Data for this task:
____________

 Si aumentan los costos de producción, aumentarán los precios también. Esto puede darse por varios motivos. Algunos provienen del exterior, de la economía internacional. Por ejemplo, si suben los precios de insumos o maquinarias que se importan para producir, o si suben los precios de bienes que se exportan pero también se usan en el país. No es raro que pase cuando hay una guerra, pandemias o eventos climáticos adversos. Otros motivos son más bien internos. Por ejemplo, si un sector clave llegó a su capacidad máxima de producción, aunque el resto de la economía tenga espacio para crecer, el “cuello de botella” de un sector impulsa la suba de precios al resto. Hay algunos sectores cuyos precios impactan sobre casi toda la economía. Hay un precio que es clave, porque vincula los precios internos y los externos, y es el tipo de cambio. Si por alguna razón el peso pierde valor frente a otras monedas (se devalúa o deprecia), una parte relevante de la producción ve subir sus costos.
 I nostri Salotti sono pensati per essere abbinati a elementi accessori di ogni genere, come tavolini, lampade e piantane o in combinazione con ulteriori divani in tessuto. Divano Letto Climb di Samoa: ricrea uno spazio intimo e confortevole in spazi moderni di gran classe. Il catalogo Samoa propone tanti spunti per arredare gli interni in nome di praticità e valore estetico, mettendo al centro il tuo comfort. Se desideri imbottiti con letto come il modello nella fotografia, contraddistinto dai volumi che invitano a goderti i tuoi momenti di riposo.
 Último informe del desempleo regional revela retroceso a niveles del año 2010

____________

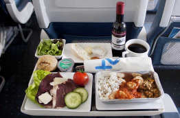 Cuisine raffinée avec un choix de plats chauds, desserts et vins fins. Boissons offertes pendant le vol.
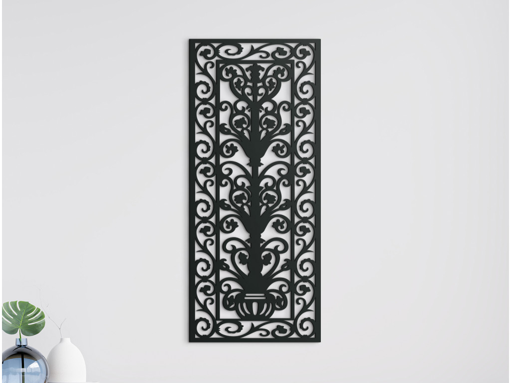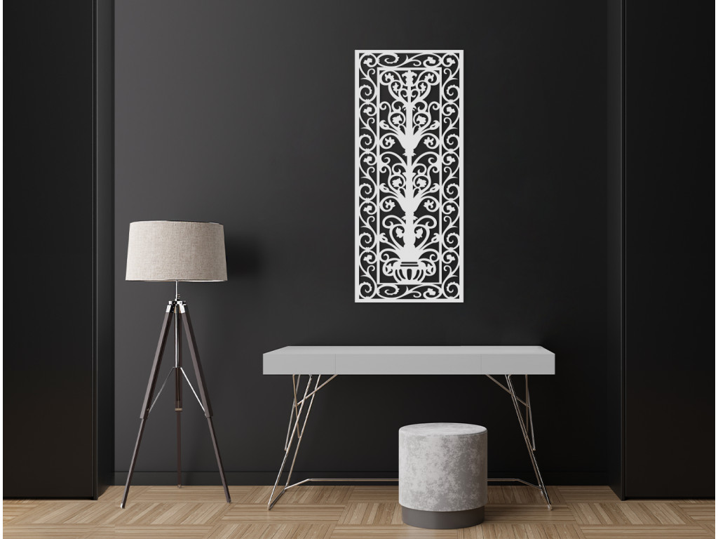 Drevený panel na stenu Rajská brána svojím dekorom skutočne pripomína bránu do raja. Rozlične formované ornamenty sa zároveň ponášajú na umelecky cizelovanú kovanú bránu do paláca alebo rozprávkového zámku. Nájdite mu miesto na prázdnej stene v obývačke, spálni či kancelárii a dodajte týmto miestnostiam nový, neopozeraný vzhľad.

____________

Reproduce exactly the entries above, limited to the lines from the one with "I nostri Salotti" through the one with "Último informe del", both included.

 I nostri Salotti sono pensati per essere abbinati a elementi accessori di ogni genere, come tavolini, lampade e piantane o in combinazione con ulteriori divani in tessuto. Divano Letto Climb di Samoa: ricrea uno spazio intimo e confortevole in spazi moderni di gran classe. Il catalogo Samoa propone tanti spunti per arredare gli interni in nome di praticità e valore estetico, mettendo al centro il tuo comfort. Se desideri imbottiti con letto come il modello nella fotografia, contraddistinto dai volumi che invitano a goderti i tuoi momenti di riposo.
 Último informe del desempleo regional revela retroceso a niveles del año 2010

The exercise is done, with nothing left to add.